Every line from the one containing "Ami 經典深灰色 黑愛心設計 羊毛 毛衣 針織罩衫 外套 開襟衫" to the end of the records below must be copied exactly, and no pictures may be included.
• • • • • • •
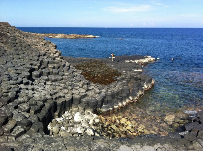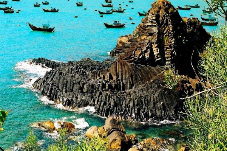 Tiếp tục cuộc hành trình, quý khách sẽ tham quan thắng cảnh cấp quốc gia Gành Đá Dĩa – là một tập hợp các trụ đá hình lăng trụ xếp liền nhau, hòn nọ nổi hòn kia kề với sóng nước. Bãi đá trải rộng san sát nhau chung màu đen huyền bí. Có trụ thẳng đứng, có trụ nghiêng vẹo nhưng vẫn chồng chất tầng tầng trông như chồng bát dũa nên có tên gọi là Ghềnh Đá Dĩa.
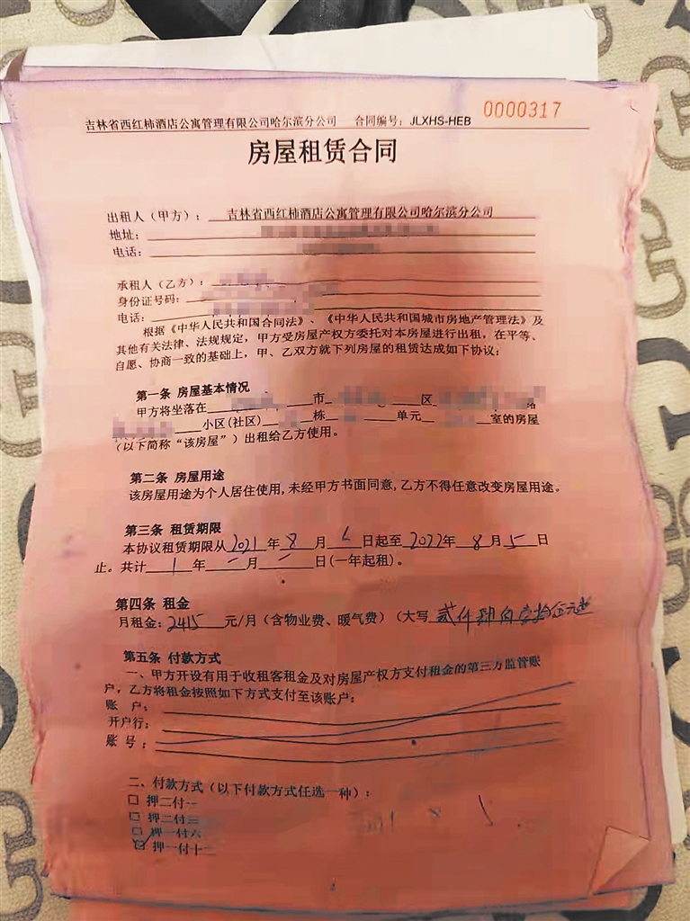 和王女士一样,魏女士也将房屋授权给“西红柿公司”出租,租赁合同显示,租期为24个月,自2021年5月31日至2023年5月20日。“我的房子在松北国际城,我当时把房子挂在网上,‘西红柿公司’主动联系我,我把房子租给他们,1600元/月,9月就找不到他们人了。现在租户把一年的房租交给了‘西红柿公司’,我也不可能给人家撵出去。”魏女士表示,自己目前只收到了2个月的租金和1个月的押金。
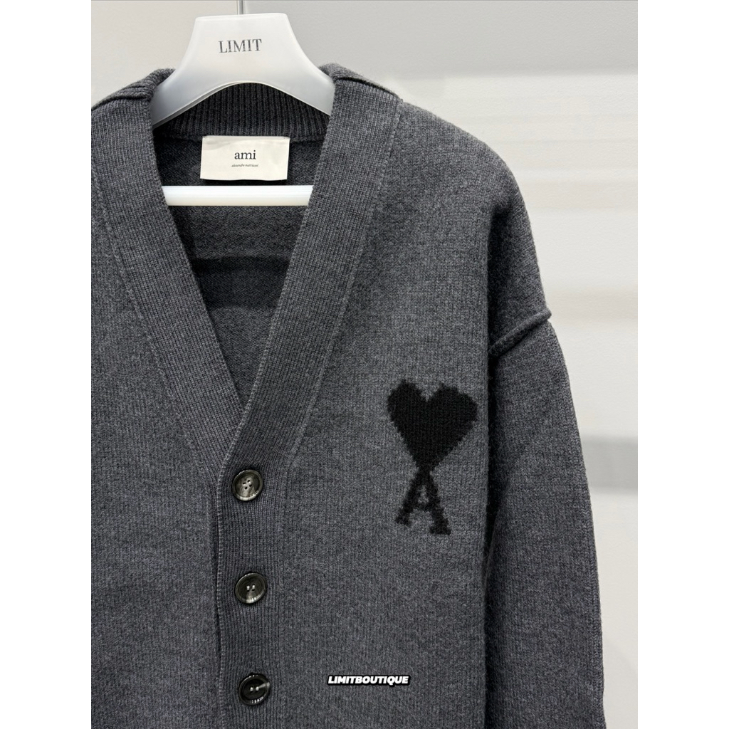 Ami 經典深灰色 黑愛心設計 羊毛 毛衣 針織罩衫 外套 開襟衫
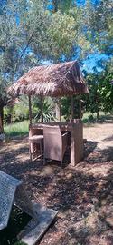 Il set include un bar con tetto in frange di paglia e due sgabelli e due poltroncine da bar, richiamando un'estetica tropicale. Tot 5 pz
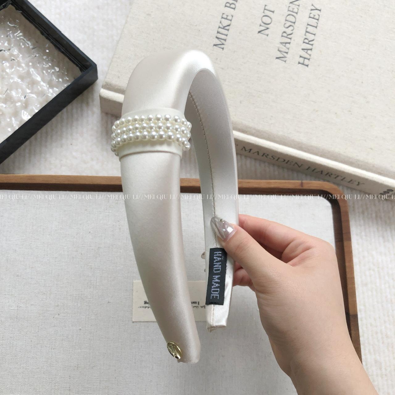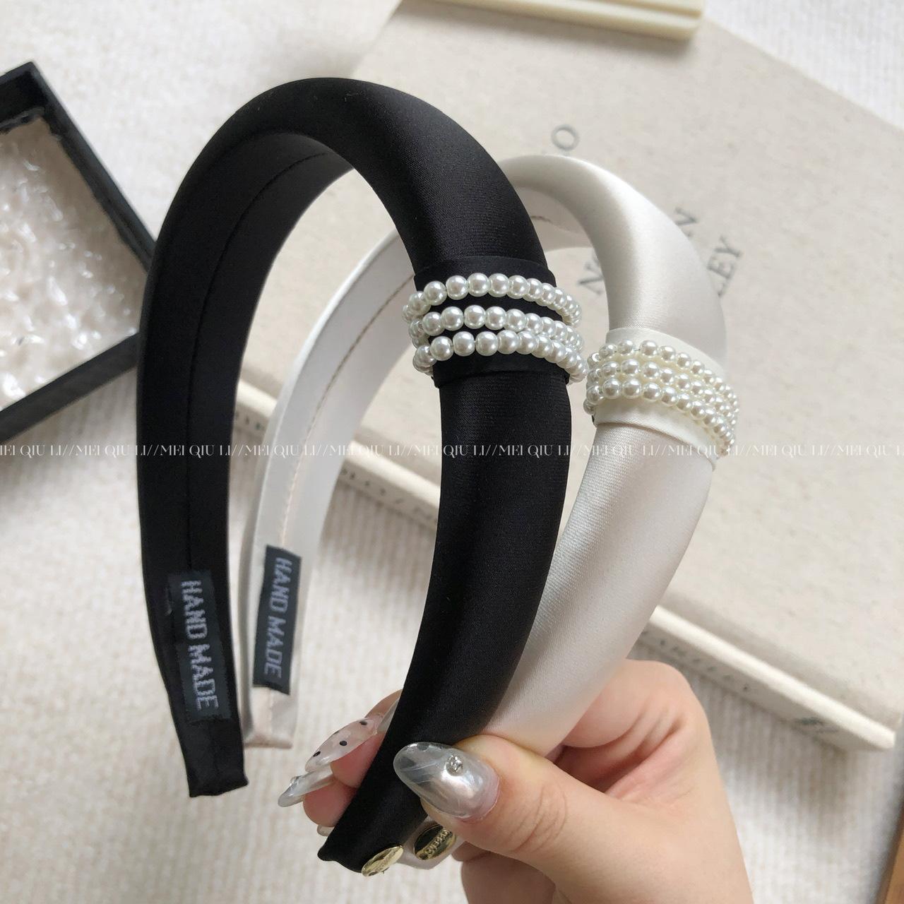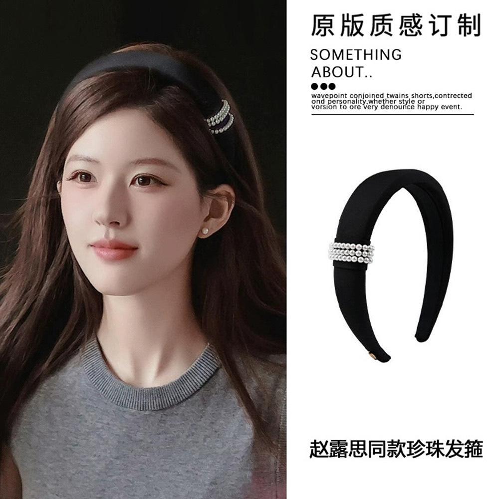 Xu I Deslumbrante Zhao Lusi Mismo Estilo Lujo Ligero Banda para el Cabello de Perlas Alto Sentido Xu Yan Estilo Extranjero Diadema para la Parte Superior Craneal Alta Sombrerería para Mujeres
• • • • • • •
#### The answer:
 Ami 經典深灰色 黑愛心設計 羊毛 毛衣 針織罩衫 外套 開襟衫
 Il set include un bar con tetto in frange di paglia e due sgabelli e due poltroncine da bar, richiamando un'estetica tropicale. Tot 5 pz
 Xu I Deslumbrante Zhao Lusi Mismo Estilo Lujo Ligero Banda para el Cabello de Perlas Alto Sentido Xu Yan Estilo Extranjero Diadema para la Parte Superior Craneal Alta Sombrerería para Mujeres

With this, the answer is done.